Pendant que les Rohillas et les Dourranies achevaient les blessés et massacraient de sang-froid les prisonniers, le Mogol Shoudja-oul-Dowlah, ancien allié des Mahrattes, donnait aux autres musulmans de nobles exemples d’humanité. Non-seulement il respectait la vie et les personnes de ceux que le sort de la guerre avait livrés entre ses mains, mais il plaçait autour d’eux des troupes choisies pour les défendre contre la férocité des Afghans. Le lendemain de la bataille, il achetait, au prix de 2,000 roupies, le cadavre de l’infortuné Viçwanâth-Rao dans l’intention de l’arracher à la fureur des Dourranies, et découvrant parmi les blessés Ibrahim-Khan-Gardi, — celui-là même qui avait presque anéanti l’une des trois divisions de l’armée musulmane, — il fit soigner ses blessures et le cacha avec sollicitude. Cependant les Rohillas et les Dourranies, excités par le carnage, demandaient à grands cris qu’on leur livrât le cadavre de Viçwanâth-Rao pour l’insulter, et la personne d’Ibrahim pour le torturer. Entourant la tente de leur sultan Ahmed-Shah, les Afghans réclamaient tumultueusement le corps du roi des infidèles, afin de le bourrer de paille et de l’emmener comme un trophée à Caboul. Quant à Ibrahim-Khan, cette soldatesque indisciplinée lui reprochait d’avoir porté les armes contre les vrais croyans. Ahmed-Shah, toujours calme et maître de lui, prêtait l’oreille à ces murmures et ne répondait rien. À la fin néanmoins il ordonna à Shoudja-oul-Dowlah de lui remettre le prisonnier, qui fut bientôt confié à la garde du grand-vizir, son ennemi personnel. En vain le généreux Mogol mit l’épée à la main pour défendre le captif blessé, dont il voulait à tout prix sauver les jours. Ibrahim-Khan périt bientôt victime de la perfidie du grand-vizir. Après avoir juré de le traiter avec égard, ce cruel Afghan le fit mourir en versant du poison dans ses plaies. Enfin, comme les belles actions méritent toujours d’être rapportées, surtout quand elles sont accomplies dans un pays et à une époque où l’on en voit de trop rares exemples, ajoutons que Shoudja-oul-Dowlah prit la peine de faire laver les corps des Mahrattes abandonnés sur le champ de bataille, cherchant au milieu de ces amas de cadavres ceux qui respiraient encore[1].
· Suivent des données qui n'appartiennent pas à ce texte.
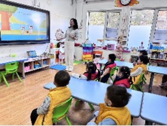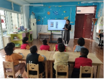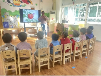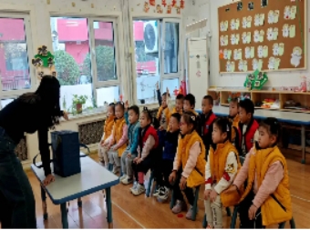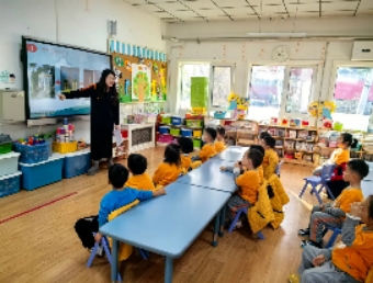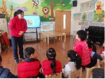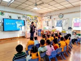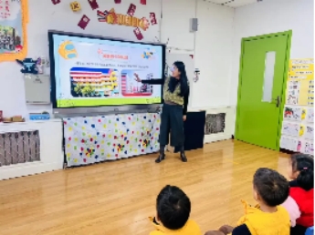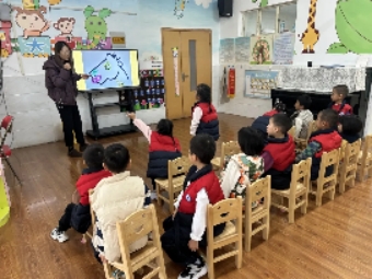 庞皓扬小朋友的妈妈给孩子们进行了一节“你好,小学”的主题活动。孩子们通过图片了解了小学的样子、小学生的一天,对比了小学与幼儿园的区别。孩子们对小学都很好奇,不停地举起小手,询问问题,对小学生活充满了期待。
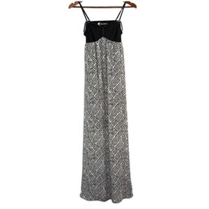 VOLCOM Playa Maxi Dress Open Back Black White Print Fit Bodice Beachy Boho XS
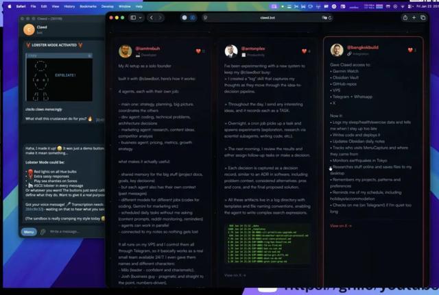OpenClaw 的开发者 Peter Steinberger 在一个访谈中也聊了聊他本人的用法,包括了调整床垫温度、播放音乐、调整灯光、查看摄像头画面、查询快递进度等。具体的玩法可以参考视频中的访谈详情,视频来自于傅盛的 X 贴文。
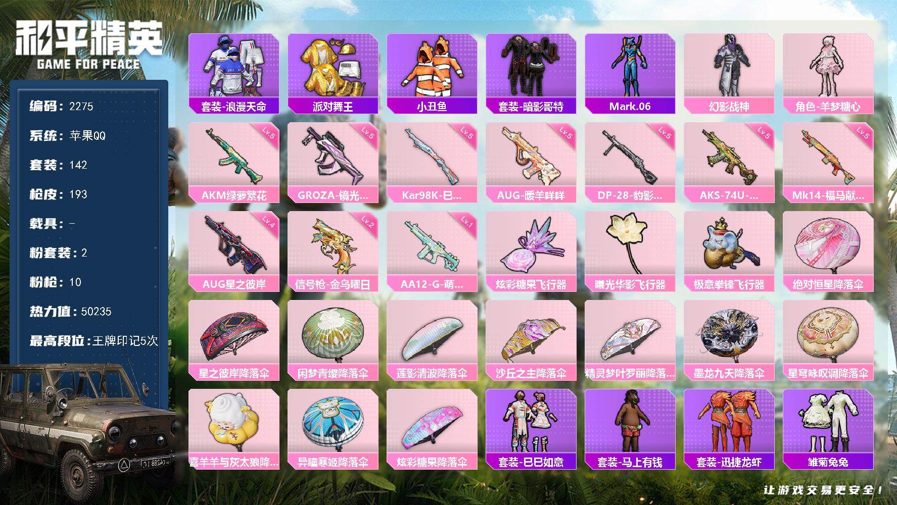2粉装-10特效枪-0载具-3粉色飞行器-50235热力值-5王牌印记-142套装-193枪皮

  1. Ce qui rend la généreuse conduite du nabab (on nommait ainsi dans le camp Shoudja-oul-Dowlah) plus méritoire, c’est qu’il était alors en guerre avec les Mahrattes. Un autre personnage, allié de ces derniers, mais qui les avait abandonnés durant la campagne, Souradj-Mal de Bharatpour, se montra aussi compatissant envers les vaincus. L’une des femmes de Seda-Sheo, échappée au massacre, s’étant réfugiée vers lui, il la traita avec beaucoup de respect, lui fournit des vêtemens, de l’argent et un palanquin, et la fit escorter jusqu’à la frontière de ses petits états, d’où elle put arriver saine et sauve dans le Dekkan.